No período colonial, o rei D. Manuel I mandou organizar expedições militares com a finalidade de proteger os domínios portugueses na América, então recém-descobertos. À medida que colonização avançou em Pernambuco e São Vicente, as autoridades militares nativas e bases da organização defensiva da colônia começaram a ser construídas para fazer frente às ambições dos franceses, ingleses e holandeses.

De maneira seminal, a História do exército brasileiro se iniciou em 1548 quando D. João III resolveu criar um governo-geral com sede na Bahia.

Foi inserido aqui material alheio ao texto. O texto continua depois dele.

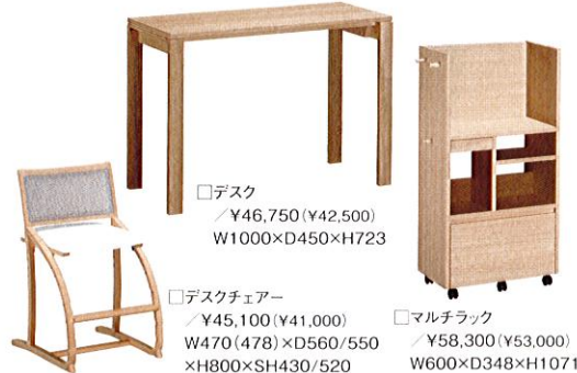
家事や趣味をするスペースにも
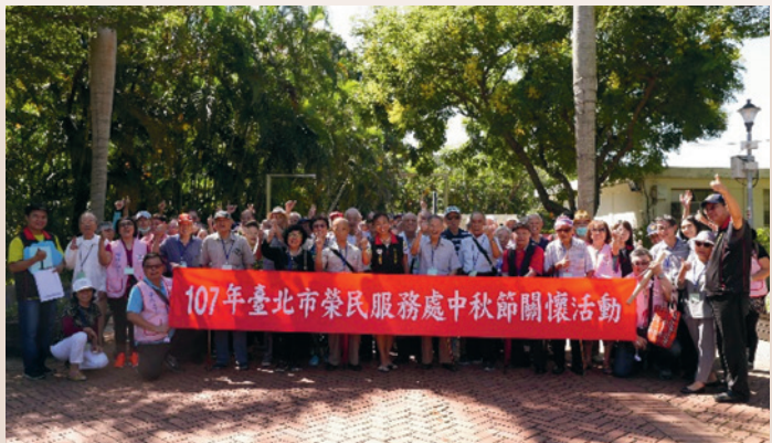
辦理中秋節關懷活動。

107年9月本處辦理「士林官邸秋遊—榮民眷歡度中秋」活動，前往參觀士林官邸，在這棟饒富歷史意義的建築中，大家在導覽員生動的解說下，除了遙想大時代的人事物，對蔣中正總統、宋美齡夫人的日常生活起居更得以一窺堂奧。官邸外花木扶疏的公園景致更讓人感到愜意舒暢，隨著導覽志工漫步其中，聆聽解說園區內的一景一物以及歷史名人的陳年軼事，更添不少趣味。本次活動贊助人也特地抽空前來關懷訪慰，將伴手禮一一發送榮民眷並祝賀佳節愉快，場面溫馨和樂。活動在活潑熱絡的氣氛下結束，大家帶著滿滿的祝福，意猶未盡地互道珍重再見、期待下次再相會。
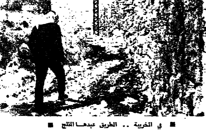
زلجة - من مراسل (الانوار):

اذا كان التزوح وجها من وجوه التزلج في المناطق، وفي الوقت نفسه سببا من اسبابه، فالمسألة الحقيقية أصليا هي في عدم القدرة .. حتى على التزوح - وكثيره هي القرى البعيدة المخرومة، لكن قرية «الخوية» في قضاء بعلبك، تعتبر نموذجيا «مثاليا» حزينا للمظلم الاجتماعي في لبنان.
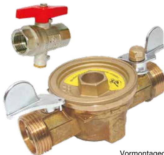
Vormontagegehäuse für TKS-WM

Das Vormontagegehäuse hat zwei integrierte Kugelhahnabsperrungen und einen zusätzlichen Vorlauf-Kugelhahn mit einem 3/4" IG.
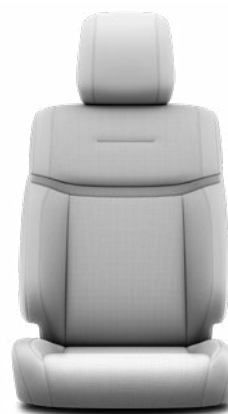
LA10 Kožené čalounění v šedé barvě (přírodní a syntetická kůže) Pro výbavu Executive

Primeiras intervenções de vulto ocorridas foram a expulsão dos franceses do Rio de Janeiro, no século do descobrimento, e do Maranhão, em 1615. À medida que avançou a interiorização através do amplo movimento de expansão territorial no século XVII e do início do século XVIII, as Entradas e Bandeiras forçaram a organização da defesa do território recém conquistado. As forças expedicionárias de caráter eminentemente militar iniciaram a utilização da população local, particularmente de São Paulo, pelos capitães-mor, em busca de riquezas ou da escravização dos índios.

A reação contra a invasão dos holandeses, no século XVII, pela primeira vez mobilizou grandes efetivos no país, e particularmente começou a haver um sentimento de defesa nacional, independentemente da influência da coroa. A primeira Batalha de Guararapes (19 de abril de 1648) marca o início da organização do exército como força genuinamente brasileira formada por brancos locais, liderados por André Vidal de Negreiros, índios, liderados por Felipe Camarão e negros/mulatos, liderados por Henrique Dias. Esta data é comemorada como o aniversário do Exército Brasileiro.

Nesta época, seguindo o modelo de organização do Exército Português implementado na sequência da Restauração da Independência de Portugal em 1640, as forças terrestres no Brasil adotam a organização em três linhas que se irá manter até ao século XIX, que inclui:

  • 1ª linha – Tropas pagas;
  • 2ª linha – Tropas auxiliares (designadas “milícias” a partir do final do século XVIII);
  • 3ª linha – Ordenanças.

Ao longo do século XVIII, o Brasil-colônia teve sérios problemas de fronteira principalmente no extremo sul. Naquela época, eram frequentes os choques entre luso-brasileiros e hispano-platinos, além disso, a força terrestre enfrentou a ameaça das rebeliões de índios e negros.

O marquês de Pombal tentou organizar de forma mais profissional o Exército Português, que havia sido descurado depois de um longo período de paz. Para esse fim, contrata o conde Guilherme de Schaumburg-Lippe, militar alemão, que trouxe para auxiliá-lo vários oficiais estrangeiros. Entre estes, encontrava-se o general João Henrique Böhm que logo é enviado para o Brasil, com o objetivo de reorganizar as forças locais e comandá-las na defesa das fronteiras do Sul. Da Metrópole Portuguesa, Böhm leva consigo três regimentos de infantaria que, depois de combaterem nas guerras do Sul, acabaram por ficar permanentemente no Brasil.

Na reorganização promovida por Böhm construíram-se quartéis, casas de armas, fortificações e hospitais. A guarnição do Rio de Janeiro passou a ser centro de preparação para as tropas que demandavam o sul.